Quidel Corp., which makes diagnostic tests used at the point of care, said net income was down 9.5 percent to $4.8 million, but reported a 25 percent jump in its first-quarter revenues to $34 million.
Doctors and researchers use Quidel's tests to screen for flu, pregnancy, bacterial vaginosis, respiratory viruses and other illnesses.
The company attributes the earnings downturn to a $3.1 million tax expense in the first quarter and a 16 percent increase in operating expenses associated with hiring a new chief financial officer and higher costs associated with a licensing agreement.
The new Quidel CFO, John Radak, came from Invitrogen, where he led global accounting operations.
The firm reported $39 million in cash on hand, compared with $37 million this time last year.
Illumina Inc., which develops tools for genetic analysis, saw a net loss of $298.1 million in the first quarter, compared with a loss of $104,000 in first-quarter 2006.
The firm attributed the loss mostly to a non-cash charge of $303.4 million associated with the purchase of Solexa Inc., a DNA sequencing firm, in January.
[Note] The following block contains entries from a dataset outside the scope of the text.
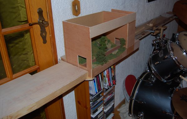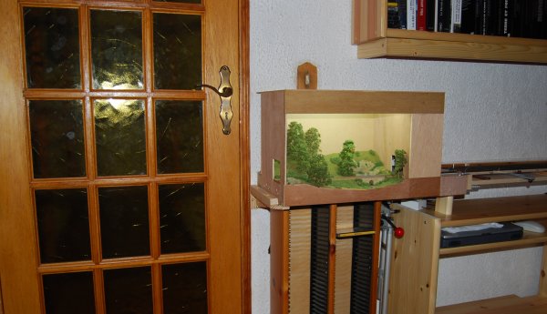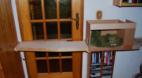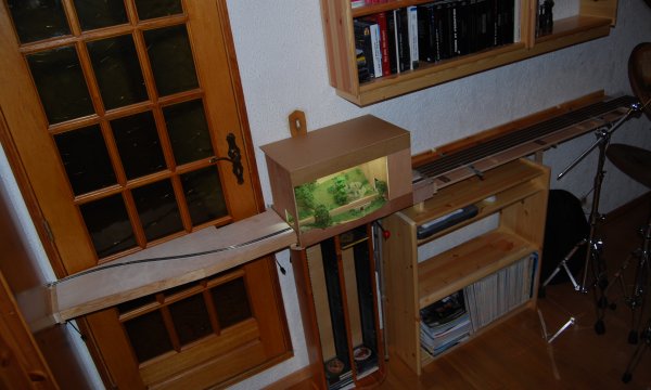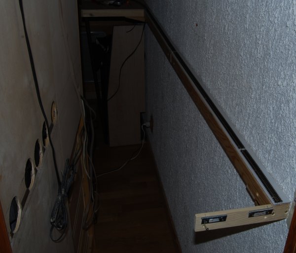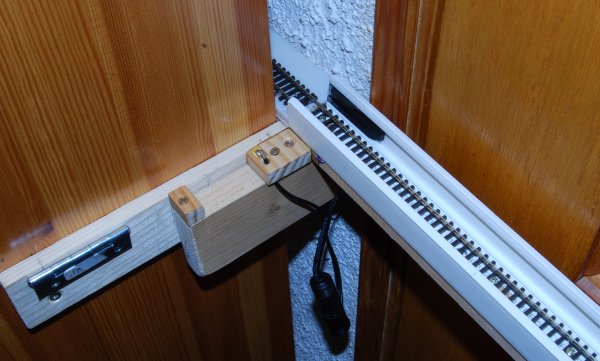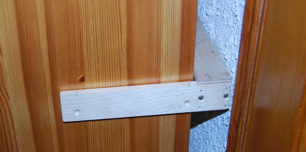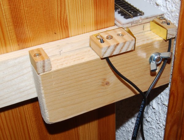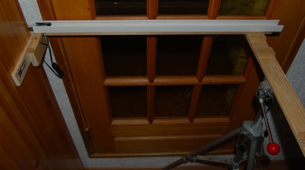 Pour une cassette courte, un simple pied d'appareil photo suffit, c'est léger et rapidement amovible Pour les cassettes plus longues (1,30 mètre) je fixerai un support de l'autre côté de la porte. |
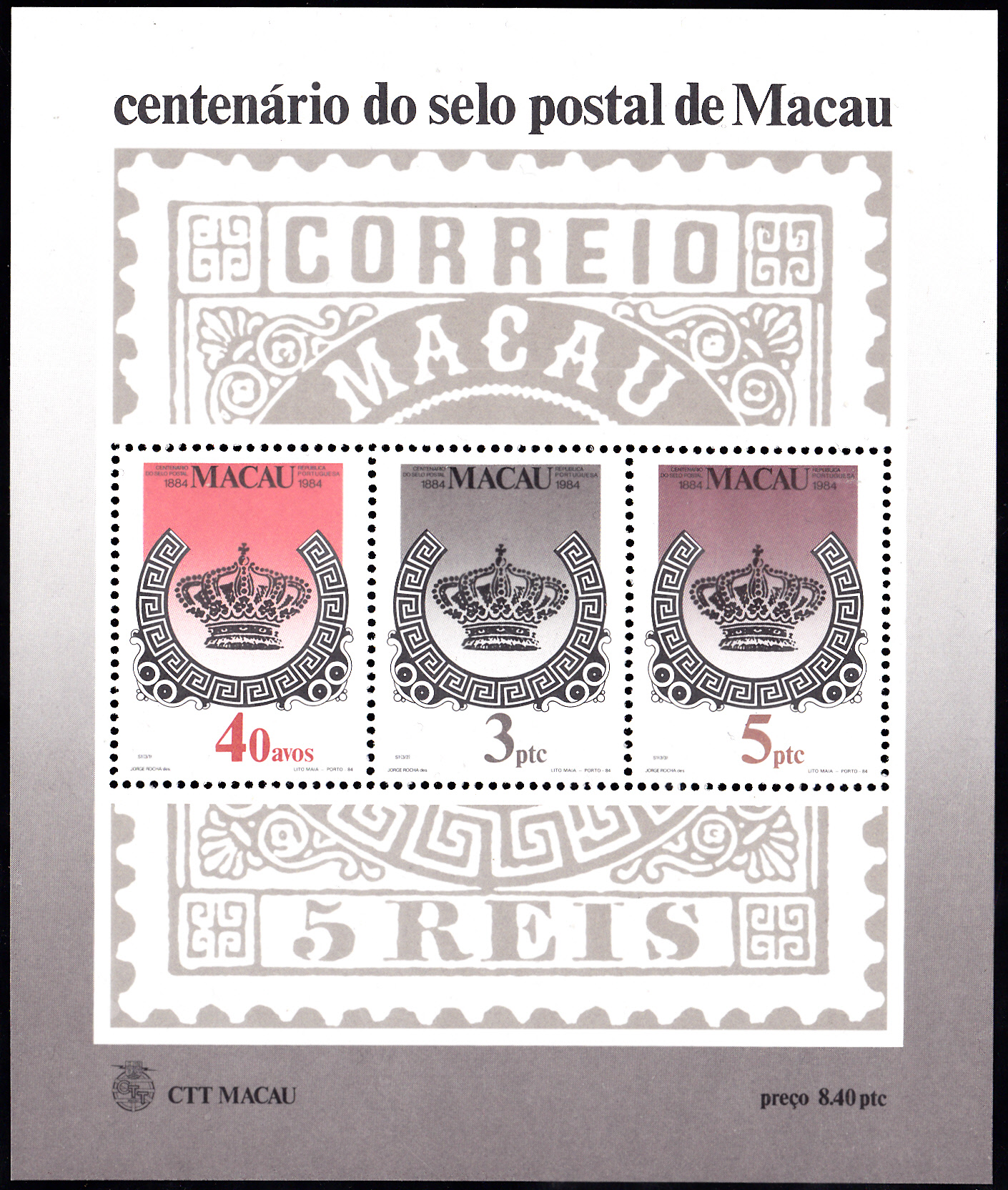 Aus dem Jahre 1984 stammt auch dieser Satz zum Ereignis "100 Jahre Briefmarken von Macau". Die drei bildgleichen Marken zeigen die Krone von den ersten Marken aus Macau.
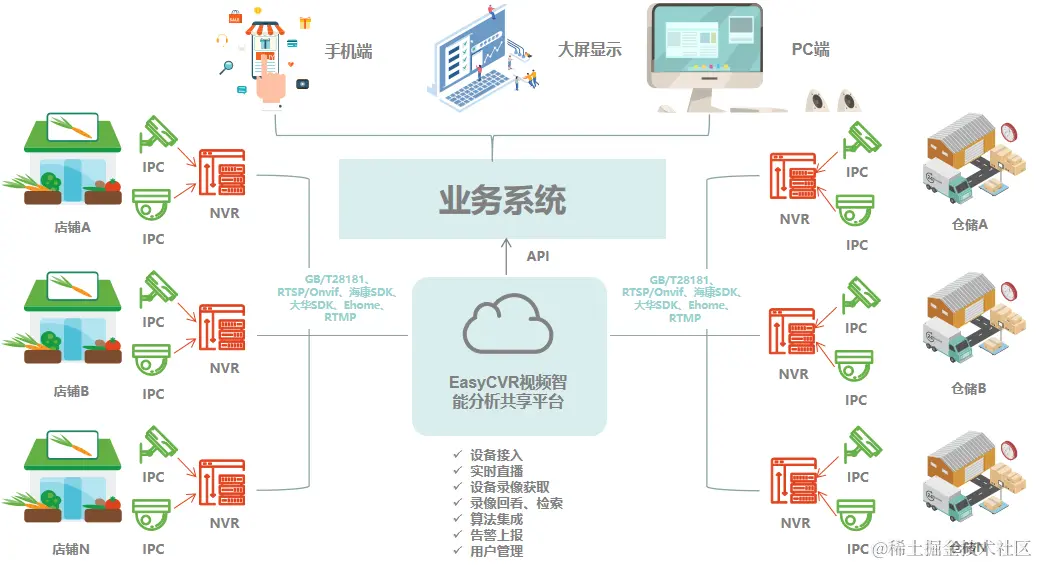 根据此需求,我们可以通过EasyCVR智能共享平台,将各生态的监控设备统一接入,分业态进行设备管理及用户权限管理,同时支持通过GB28181进行告警上报处理,支持设备录像回看(在海量设备接入的项目中,建议将分析与存储放置于边缘侧,有效节省流量、带宽及存储资源),支持通过API接口与已有业务系统对接(支持单点登录定制开发),实现全终端、不同权限管理人员随时随地监管。
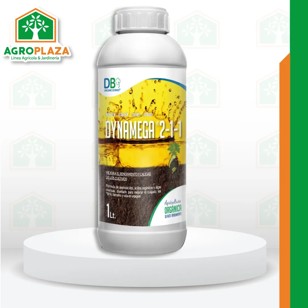 DynaMega® 2-1-1 Producto formulado con un balanceado aporte de aminoácidos poco solubles precursores para la formación de fitohormonas, la presencia de arginina y compuestos bioactivos induce la síntesis de hormonas que participan directamente con la brotación, floración, cuaja del fruto y aumento de tamaño de fruto.
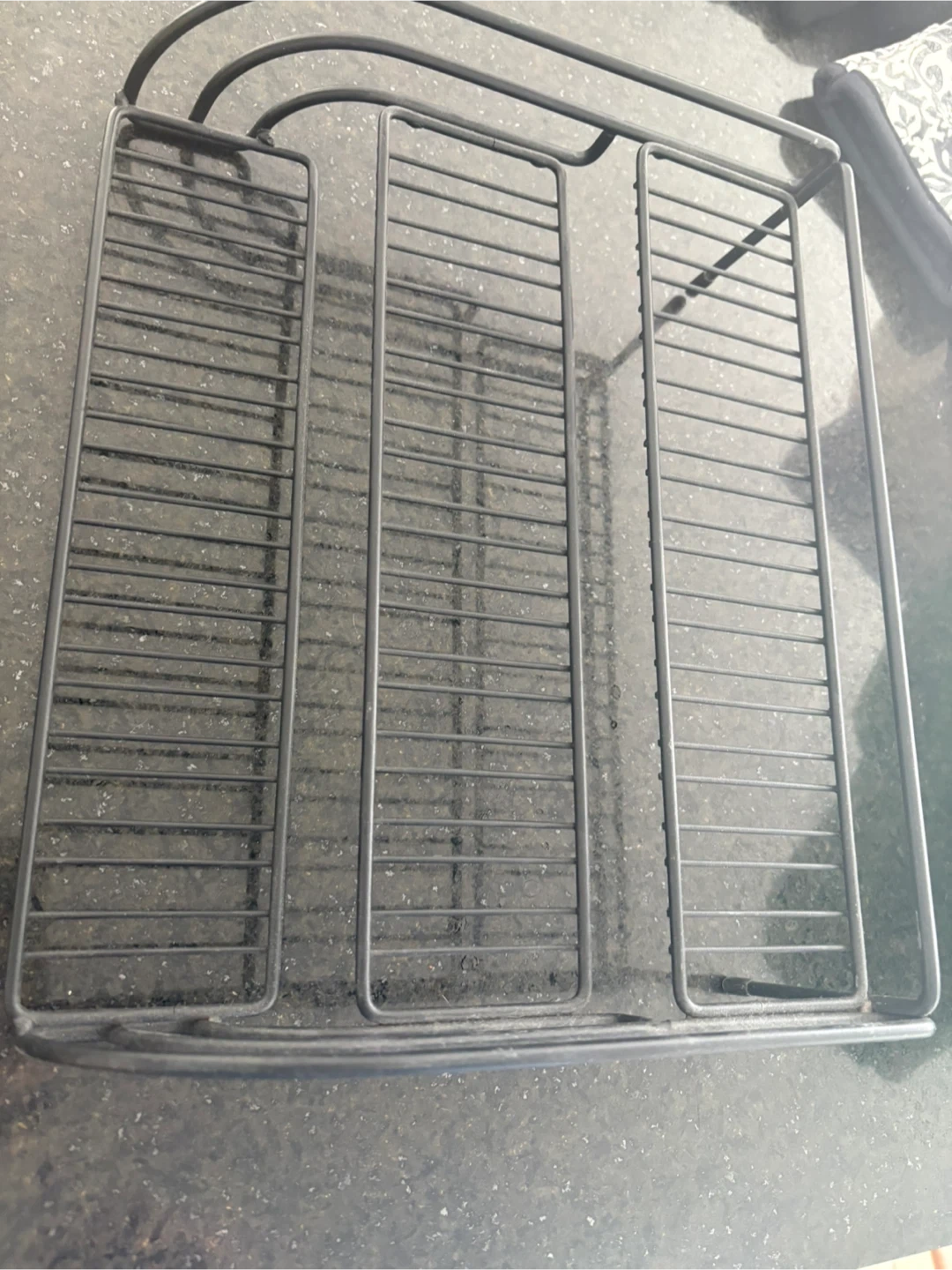 This is a wire drawer organizer tray with three compartments. It's great for storing utensils or other kitchen gadgets. Made of durable metal.
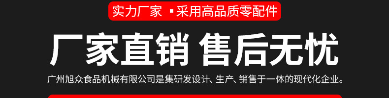 廣州旭眾食品機(jī)械有限公司是一家集科研開(kāi)發(fā),生產(chǎn)設(shè)計(jì),營(yíng)銷服務(wù)為一體的現(xiàn)代化生產(chǎn)企業(yè)。現(xiàn)代化生產(chǎn)車間,精湛制造技術(shù),所產(chǎn)機(jī)械歷經(jīng)市場(chǎng)重重考驗(yàn),不斷贏得海內(nèi)外客戶的贊譽(yù)。

Nearly $8 million was associated with stock-based compensation expenses.
Illumina reported cash and equivalents of $123.5 million for the period ending April 1, compared with $49 million in the comparable quarter of 2006.
The firm expects second-quarter revenue to be between $74 million and $78 million, and executives have increased guidance for 2007. They now expect to round out the year with between $305 million and $315 million, up $10 million from expectations the company released in February.
Illumina recently announced it will close its Wallingford, Conn., plant and relocate at least some of the 50 employees to San Diego.
Santarus Inc. reported a net loss of $16.4 million compared with $19.9 million in the first quarter of 2006.
The improvement can be attributed to increased sales of Zegerid, a prescription heartburn medication approved by the Food and Drug Administration in 2004, and lower manufacturing and research and development costs. Net product sales were $17 million, up 194 percent over last quarter's $5.8 million.
The company added 150 sales representatives late last year, said Chief Executive Officer Gerald Proehl.
The company reported cash and equivalents of $62 million compared with $75.5 million in the first quarter of last year.
Neurocrine Biosciences Inc. and Senomyx Inc. were expected to release earnings May 5, while Acadia Pharmaceuticals Inc. and Somaxon Pharmaceuticals Inc. are releasing their results May 8, and Cytori Therapeutics Inc. is scheduled to report May 11.